Records:

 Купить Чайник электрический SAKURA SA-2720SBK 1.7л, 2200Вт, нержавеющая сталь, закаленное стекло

...

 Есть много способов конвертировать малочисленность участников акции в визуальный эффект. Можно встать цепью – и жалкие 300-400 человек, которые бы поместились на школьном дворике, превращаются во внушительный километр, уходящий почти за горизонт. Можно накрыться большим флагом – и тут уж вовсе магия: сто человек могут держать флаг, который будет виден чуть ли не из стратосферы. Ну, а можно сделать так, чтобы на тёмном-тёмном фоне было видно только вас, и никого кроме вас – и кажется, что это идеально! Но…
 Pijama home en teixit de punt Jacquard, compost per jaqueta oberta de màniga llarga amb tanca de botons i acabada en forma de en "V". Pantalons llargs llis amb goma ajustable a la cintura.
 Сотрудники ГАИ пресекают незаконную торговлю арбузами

What you will do: Reproduce, character for character, only the lines of the preceding data that start at the line with "Pijama home en" and end at the line with "Сотрудники ГАИ пресекают", both included.

Exercise output:
 Pijama home en teixit de punt Jacquard, compost per jaqueta oberta de màniga llarga amb tanca de botons i acabada en forma de en "V". Pantalons llargs llis amb goma ajustable a la cintura.
 Сотрудники ГАИ пресекают незаконную торговлю арбузами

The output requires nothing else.